Copy from the first line below down to and including the line with "A Incubadora de". Skip the pictures.
::: Data extracts :::
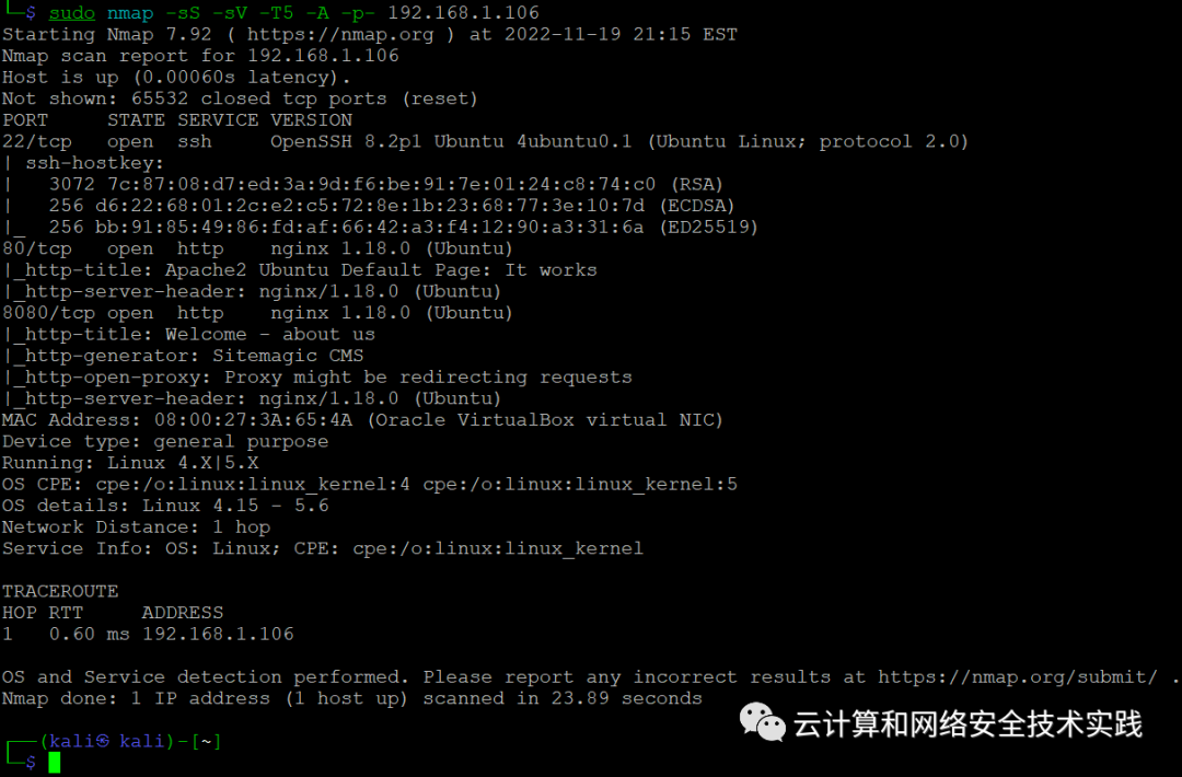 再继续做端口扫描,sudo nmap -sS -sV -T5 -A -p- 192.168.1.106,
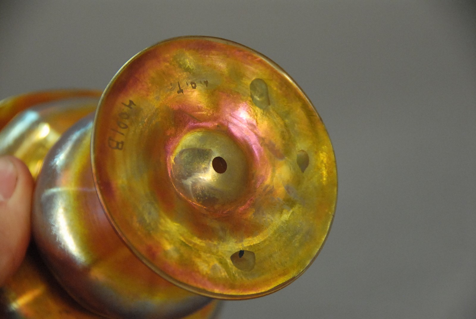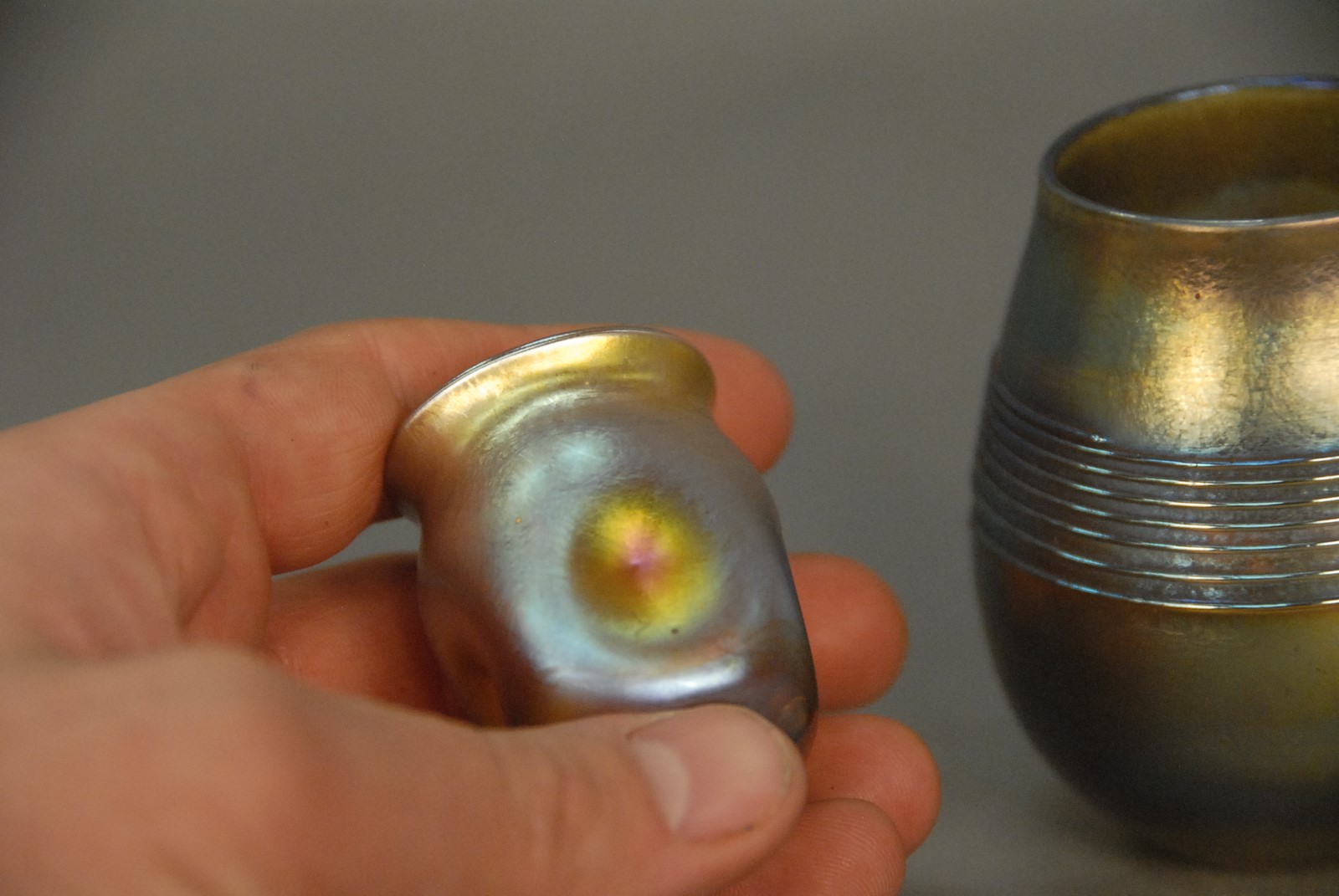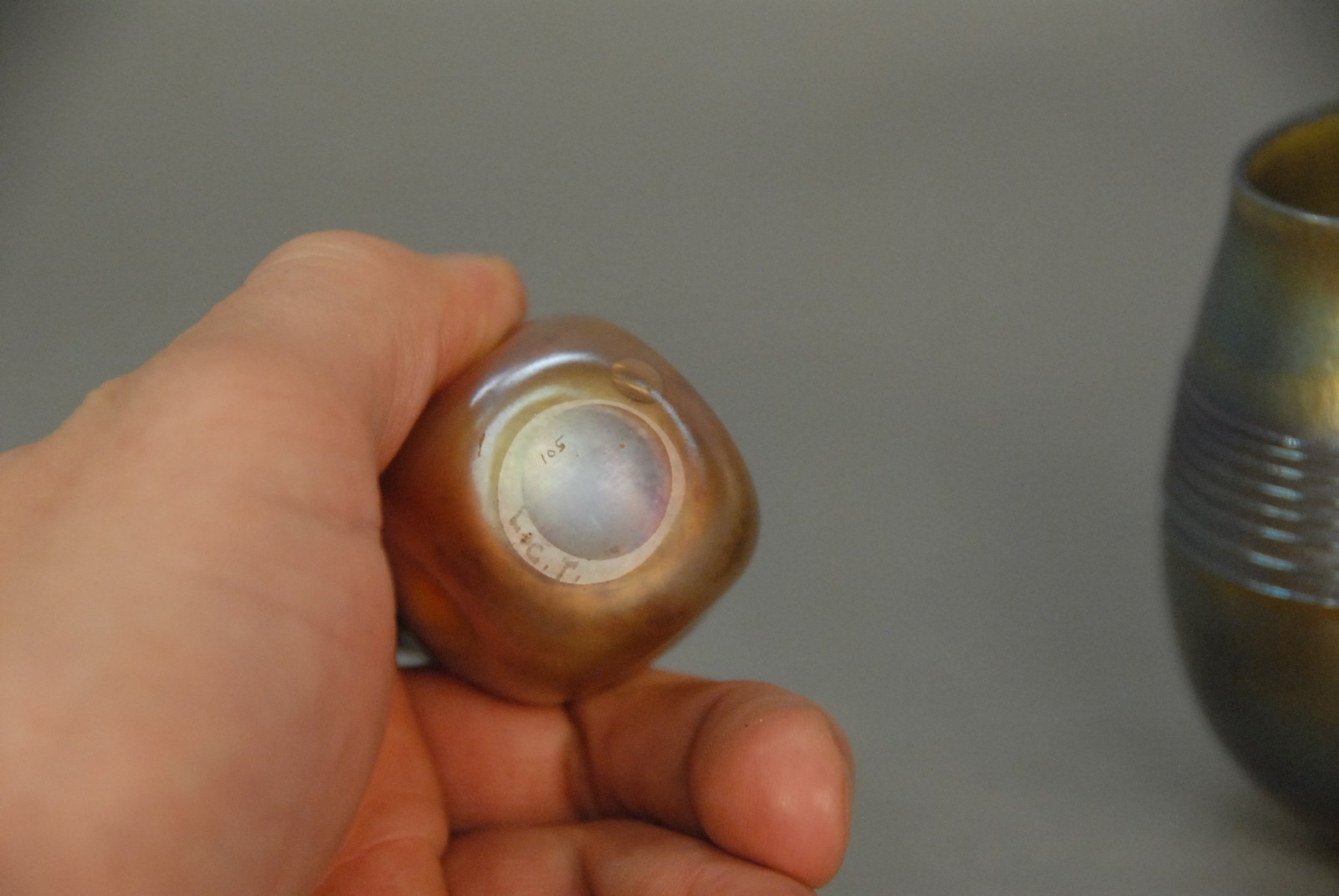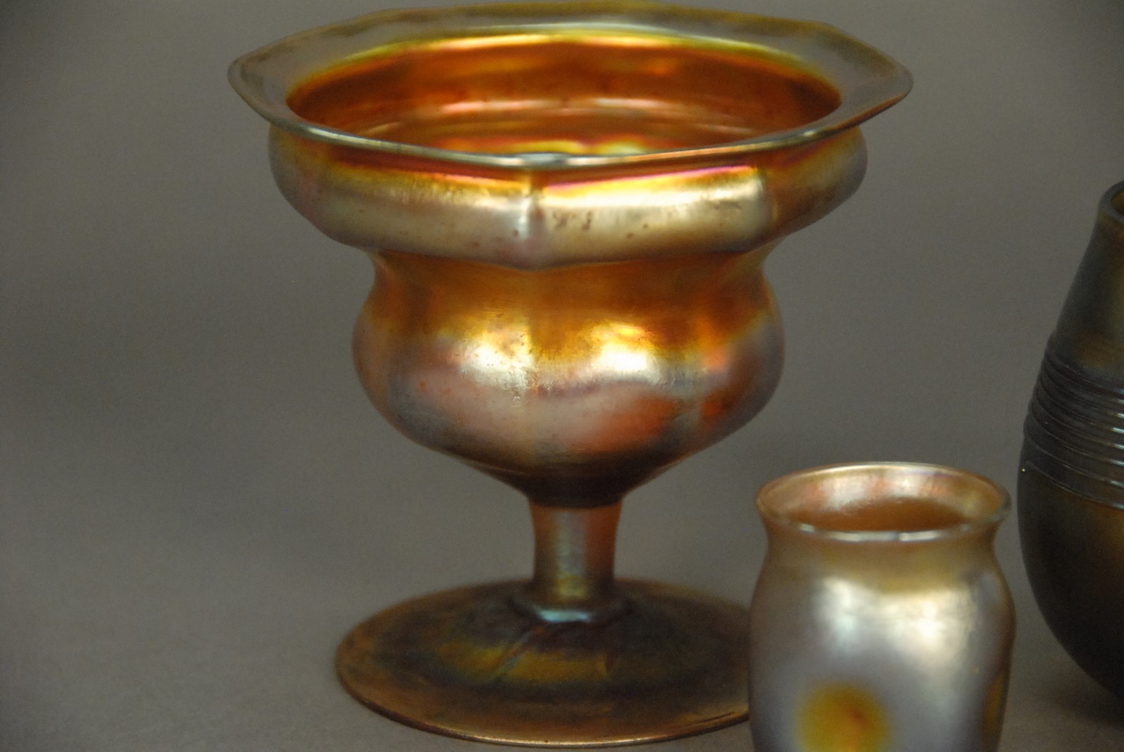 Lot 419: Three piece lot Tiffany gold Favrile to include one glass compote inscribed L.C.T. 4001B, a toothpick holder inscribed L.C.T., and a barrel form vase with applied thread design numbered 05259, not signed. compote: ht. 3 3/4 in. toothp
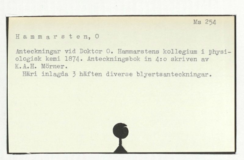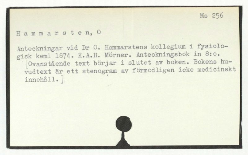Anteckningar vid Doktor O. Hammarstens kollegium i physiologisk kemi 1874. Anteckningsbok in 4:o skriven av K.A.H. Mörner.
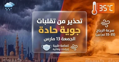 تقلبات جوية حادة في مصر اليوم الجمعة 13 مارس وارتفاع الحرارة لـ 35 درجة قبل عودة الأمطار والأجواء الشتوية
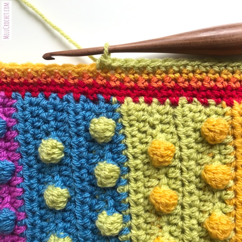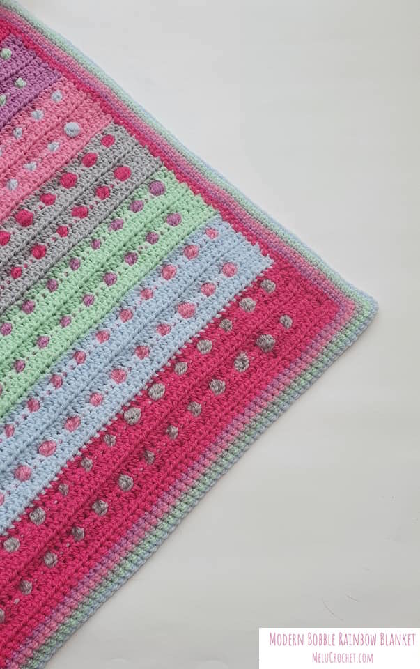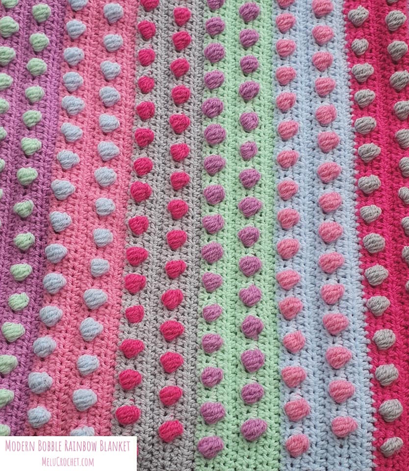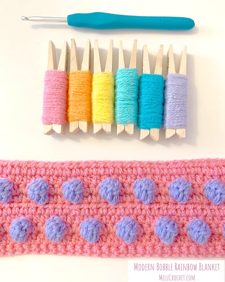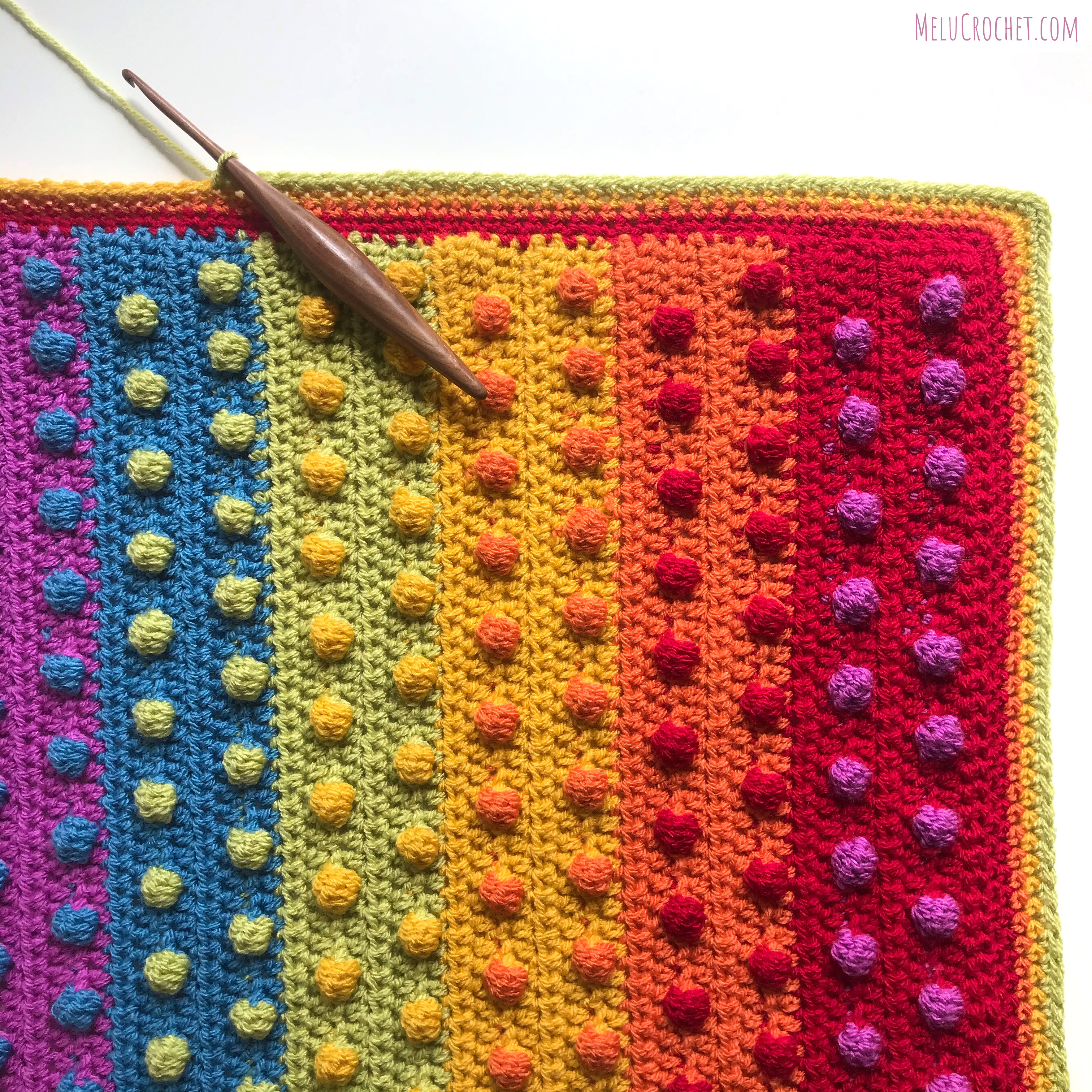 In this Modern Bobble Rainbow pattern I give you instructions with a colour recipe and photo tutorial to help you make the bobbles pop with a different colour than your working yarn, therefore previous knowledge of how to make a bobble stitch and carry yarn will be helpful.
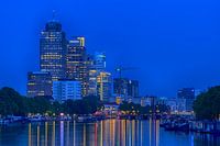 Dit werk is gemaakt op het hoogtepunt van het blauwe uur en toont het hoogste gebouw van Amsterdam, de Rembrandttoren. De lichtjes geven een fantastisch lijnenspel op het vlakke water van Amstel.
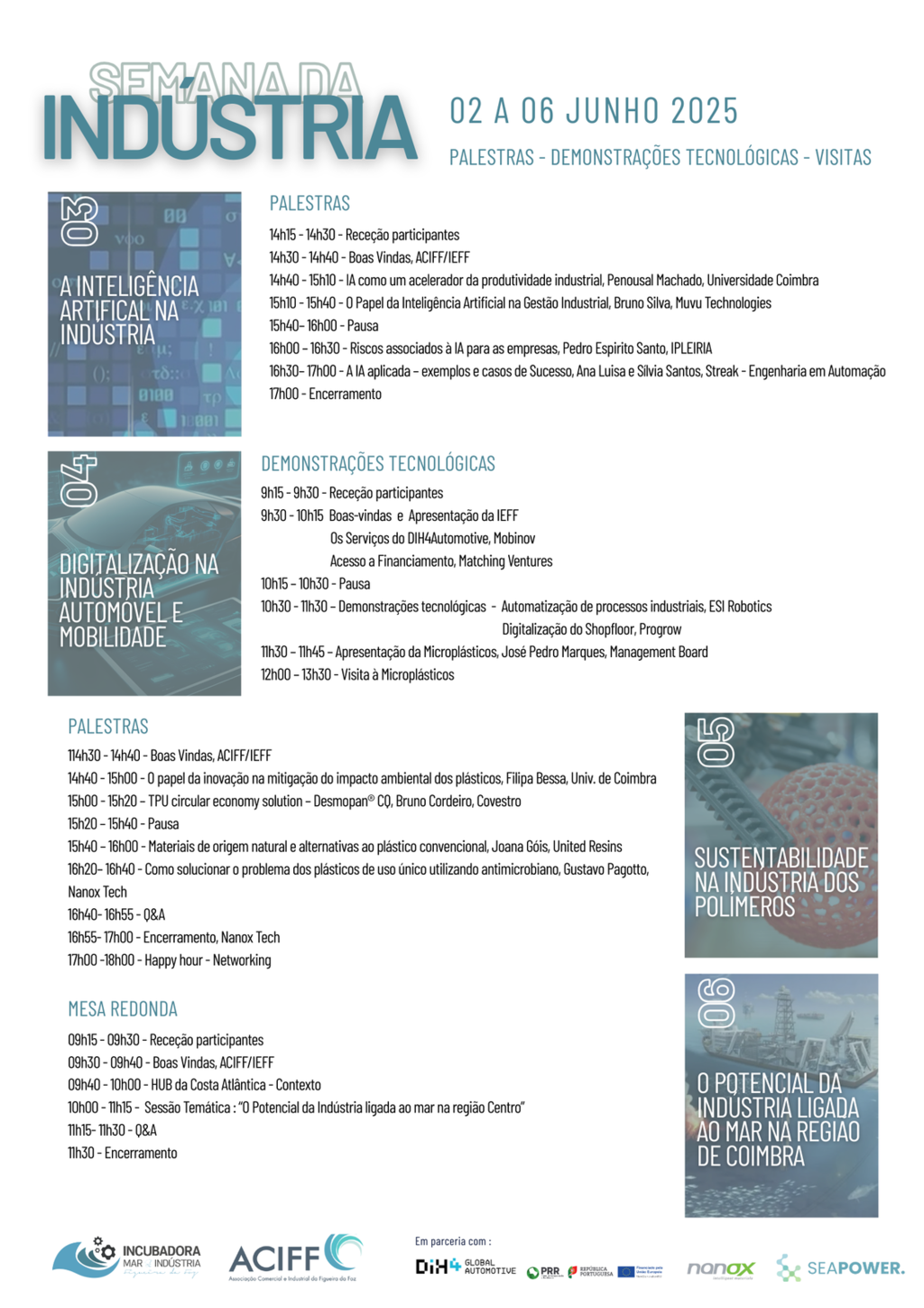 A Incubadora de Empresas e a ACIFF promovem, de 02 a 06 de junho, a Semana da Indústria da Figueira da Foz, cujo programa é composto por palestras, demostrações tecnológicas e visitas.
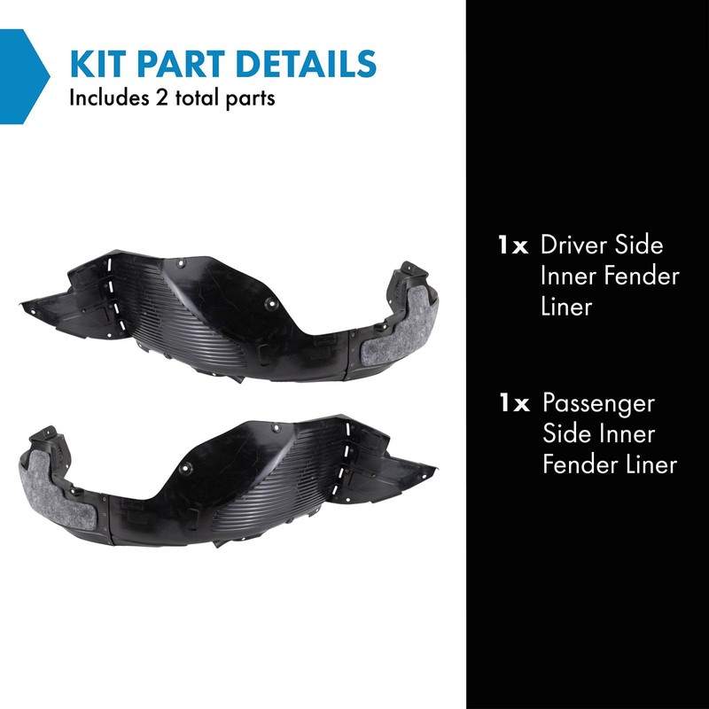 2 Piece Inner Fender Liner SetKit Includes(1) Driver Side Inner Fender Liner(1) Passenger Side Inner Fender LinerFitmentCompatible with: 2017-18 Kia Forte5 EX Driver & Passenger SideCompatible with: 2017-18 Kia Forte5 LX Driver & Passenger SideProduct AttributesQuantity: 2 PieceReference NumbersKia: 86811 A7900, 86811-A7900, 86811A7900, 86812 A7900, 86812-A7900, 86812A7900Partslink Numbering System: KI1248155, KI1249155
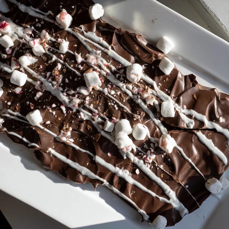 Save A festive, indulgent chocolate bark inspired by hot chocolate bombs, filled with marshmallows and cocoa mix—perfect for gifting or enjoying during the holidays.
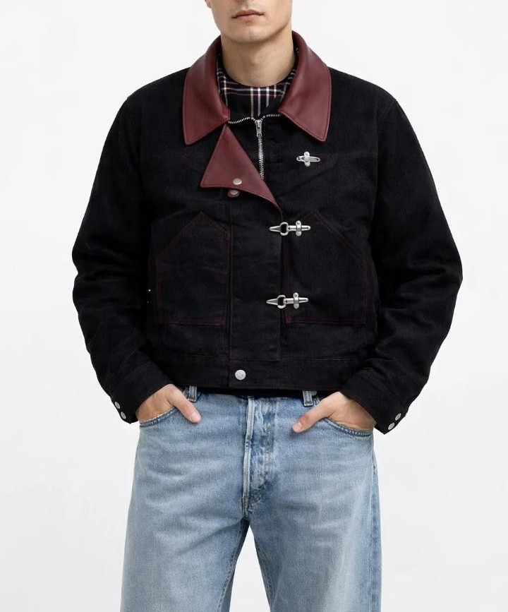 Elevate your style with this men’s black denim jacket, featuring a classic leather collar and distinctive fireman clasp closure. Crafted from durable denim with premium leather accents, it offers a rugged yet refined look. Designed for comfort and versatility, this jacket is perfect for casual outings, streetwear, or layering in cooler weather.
:::
- Response area:
 再继续做端口扫描,sudo nmap -sS -sV -T5 -A -p- 192.168.1.106,
 Lot 419: Three piece lot Tiffany gold Favrile to include one glass compote inscribed L.C.T. 4001B, a toothpick holder inscribed L.C.T., and a barrel form vase with applied thread design numbered 05259, not signed. compote: ht. 3 3/4 in. toothp
Anteckningar vid Doktor O. Hammarstens kollegium i physiologisk kemi 1874. Anteckningsbok in 4:o skriven av K.A.H. Mörner.
 تقلبات جوية حادة في مصر اليوم الجمعة 13 مارس وارتفاع الحرارة لـ 35 درجة قبل عودة الأمطار والأجواء الشتوية
 In this Modern Bobble Rainbow pattern I give you instructions with a colour recipe and photo tutorial to help you make the bobbles pop with a different colour than your working yarn, therefore previous knowledge of how to make a bobble stitch and carry yarn will be helpful.
 Dit werk is gemaakt op het hoogtepunt van het blauwe uur en toont het hoogste gebouw van Amsterdam, de Rembrandttoren. De lichtjes geven een fantastisch lijnenspel op het vlakke water van Amstel.
 A Incubadora de Empresas e a ACIFF promovem, de 02 a 06 de junho, a Semana da Indústria da Figueira da Foz, cujo programa é composto por palestras, demostrações tecnológicas e visitas.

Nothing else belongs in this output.